Other diseases are much further from eradication. Schistosomiasis is a waterborne parasitic disease that affects the poorest of the poor, who catch the worms from skin contact with infected water. It is far from the only disease to devastate poor populations with poor access to safe water or clean latrines or basic health education for behavioral change, yet it is the most prevalent. The “silent scourge of development” infects 200 million people worldwide, killing an estimated 282,000 people each year. Co-infection increases HIV transmission three to four fold. The quality adjusted life years lost to the disease are estimated to be higher than malaria. It is treatable with praziquantel, a single drug in a single dose, whose cost has fallen from $1 a pill in 1988 to 7 cents a pill in 2008. But only 8.3% of the world’s infected population has been treated in the last few years.
The world needs integrated programs of neglected disease control, overseen by national health ministries that distribute anti-worm medications free to the population. Each locality may create a specific de-worming schedule, similar to an immunization schedule, based on the endemic diseases, seasonal variations in transmission, and school calendars. Children would be protected from developing the stigmatizing, debilitating effects of the tropical diseases to which they are exposed.
Drug companies are donating drugs for worldwide distribution. “These are not poor quality drugs for poor people,” said Lorenzo Savioli, head of the WHO NTD group, “but good drugs for good people.” Merck donates ivermectin for onchocerciasis (river blindness) control.

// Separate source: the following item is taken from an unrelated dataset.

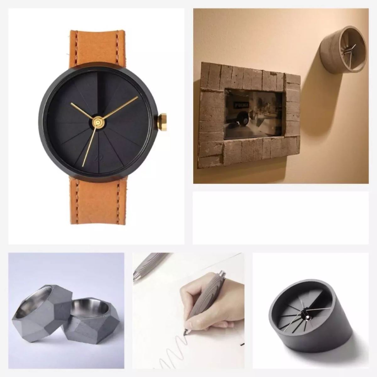 他们的饰品,以建筑和都市生活为灵感,结合水泥和不锈钢两种材料。别人觉得水泥刚硬、粗犷,但他们却专用水泥做各种精美装饰品,钟表、笔、戒指、耳钉……造型都非常简单,很多作品的表面都会有一些小气泡或裂纹甚至颜色也会有不均匀,这些都是他们刻意保留的细节,力求把水泥的质感大面积呈现出来。水泥像是有生命一般,会随着时间而变化,水泥的特性会因为摩擦碰撞或汗水侵蚀让表面产生出不同的岁月痕迹,这就是水泥最独特的魅力。

Pfizer donates azithromycin for trachoma. GlaxoSmithKline donates albendazole for soil-transmitted worm infections. Merck-Serono in Germany will donate 200 million tablets of praziquantel to treat schistosomiasis, and Easai, a Japanese drug company, will start manufacturing the drug DEC to treat lymphatic filariasis, preventing the gross swelling of the testicles or the limbs that result from blockage of the lymphatic drainage system. In total, these interventions cost about a billion dollars, to save and improve a billion lives.
Though there is the danger that the worms will develop resistance to the single drugs available to treat them, in the same way that viruses and bacteria have developed anti-viral and antibiotic resistance, the worms’ life cycles are much longer, so we hopefully have years before resistance develops over many generations. Still, warns Princeton vaccine expert Dr. Adel Mahmoud, “We have neglected the science of the neglected tropical diseases.” The development of new drugs, diagnostic tests, and potential vaccines remains important.
Only 0.6% of the worlds’ total overseas development assistance are put towards the neglected tropical diseases, despite them afflicting 1/6 of the world’s population.
Happily, USAID gave $100 million in 2006, and an additional $450 million over five years for the neglected tropical diseases. Even as we face increasing deficits at home, we must continue to sustain our commitment to a healthier, more stable world.
“We have a moral imperative to eliminate these diseases,” said Mirta Roses Periago, Director of the Pan American Health Organization, “to free the world from unacceptable disability, pain and death.”